**Work order:** In the entries that follow, find the line containing "Locate desired item" and the line containing "The verdict for", then copy exactly everything from the first through the second except the pictures.

**Entries supplied:**

########################################

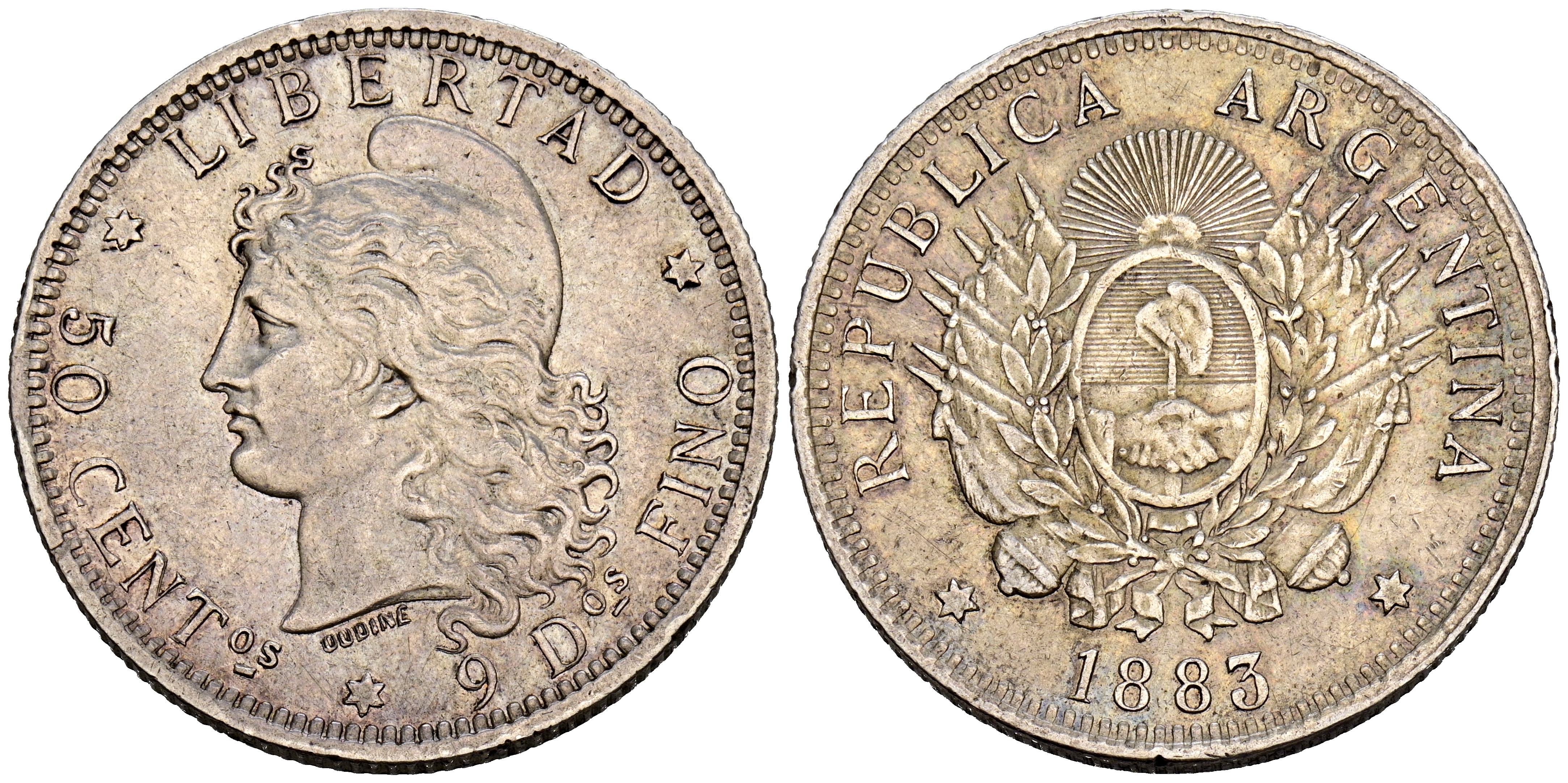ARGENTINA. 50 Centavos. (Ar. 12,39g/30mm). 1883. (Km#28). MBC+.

########################################

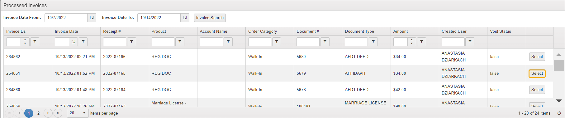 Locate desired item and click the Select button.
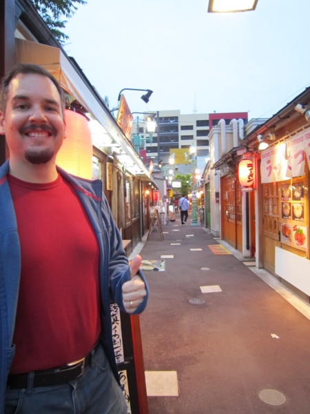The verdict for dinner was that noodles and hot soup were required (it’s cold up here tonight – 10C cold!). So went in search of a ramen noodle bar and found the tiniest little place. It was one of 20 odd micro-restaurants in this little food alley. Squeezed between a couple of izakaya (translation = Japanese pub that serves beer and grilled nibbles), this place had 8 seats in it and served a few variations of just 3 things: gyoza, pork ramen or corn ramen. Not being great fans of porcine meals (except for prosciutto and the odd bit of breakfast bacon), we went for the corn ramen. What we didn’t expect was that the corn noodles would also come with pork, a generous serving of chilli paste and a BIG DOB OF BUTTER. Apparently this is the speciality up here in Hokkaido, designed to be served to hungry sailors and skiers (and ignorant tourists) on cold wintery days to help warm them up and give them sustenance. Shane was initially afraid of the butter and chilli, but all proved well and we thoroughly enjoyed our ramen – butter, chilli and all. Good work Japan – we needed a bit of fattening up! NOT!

########################################

**Result of this task:**
 Locate desired item and click the Select button.
The verdict for dinner was that noodles and hot soup were required (it’s cold up here tonight – 10C cold!). So went in search of a ramen noodle bar and found the tiniest little place. It was one of 20 odd micro-restaurants in this little food alley. Squeezed between a couple of izakaya (translation = Japanese pub that serves beer and grilled nibbles), this place had 8 seats in it and served a few variations of just 3 things: gyoza, pork ramen or corn ramen. Not being great fans of porcine meals (except for prosciutto and the odd bit of breakfast bacon), we went for the corn ramen. What we didn’t expect was that the corn noodles would also come with pork, a generous serving of chilli paste and a BIG DOB OF BUTTER. Apparently this is the speciality up here in Hokkaido, designed to be served to hungry sailors and skiers (and ignorant tourists) on cold wintery days to help warm them up and give them sustenance. Shane was initially afraid of the butter and chilli, but all proved well and we thoroughly enjoyed our ramen – butter, chilli and all. Good work Japan – we needed a bit of fattening up! NOT!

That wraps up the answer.